For Black History Month: Fascinating Story of How Some Lawmakers Tried to Cancel the 1957 Michigan-Georgia Game
February 7th, 2019 at 12:09 PM ^
Thank you for this. Sad but fascinating.
February 7th, 2019 at 12:10 PM ^
Incredible that this incident took place in 1957! Georgia had no black football players until 1971. May the South NOT rise again.
February 7th, 2019 at 12:11 PM ^
Wow... that might be worse than Ole Miss
February 7th, 2019 at 12:16 PM ^
It started to change after Bear Bryant's all-white Bama teams got whupped by John McKay's integrated Southern Cal teams a couple of times.
Bryant knew what he was doing. He knew he needed black players to stay successful and he basically used those losses to make a point to the Alabama admins and the state of Alabama.

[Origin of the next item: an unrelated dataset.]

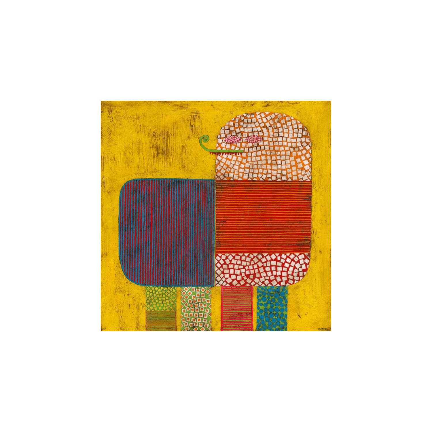 Gustavo spent his childhood in Realico, a small town lost in the Argentine Pampas. Besides the artistic activities experienced in his neighbourhood, an encounter with art would amaze and influence him; during a school trip to Buenos Aires, he attended a retrospective of the surrealist artist Joan Miró. At 17, he moved to General Pico for his studies. At the time he hesitated between art and veterinarian studies, but quickly his instinct led him to choose an artistic path. He completed classical training for 5 years at the university and acquired a solid foundation in art history and philosophy and experimented with different techniques. At 21 he moved to Chili and opened a studio in Santiago de Chile. For seven years he expressed his desire to create on his canvases and began to make a living from his work. Gustavo interweaves his South American origins and his intellectual attraction for Europe to create a unique universe; a harmony between indigenous and colonial art.

February 7th, 2019 at 12:58 PM ^
In an LA Times article from 2016 I just read that Alabama had lost to an integrated Tennessee team in the prior year.
February 7th, 2019 at 1:04 PM ^
I've commonly heard this; the effect seems unquestionably true. It's amazing how people can change their standards when sports are involved (looking at you, Liberty University).
Is there real evidence that Bear had this in mind, though? That is, did he really see that change was needed and deliberately expose his team to potential defeat to gain the political capital to integrate his team? Or did he, seeing the losses to integrated teams, change along with general public opinion?
I'm not discounting the idea that he might have done this on purpose, but the convenience of the story sounds similar to the type of story one would develop in an effort to burnish a hagiographic legacy for someone that was well-liked. Since everyone now knows that segregation was a wicked and idiotic concept, why not bump our favorite football coach up a few points by suggesting that he knew before everyone else did?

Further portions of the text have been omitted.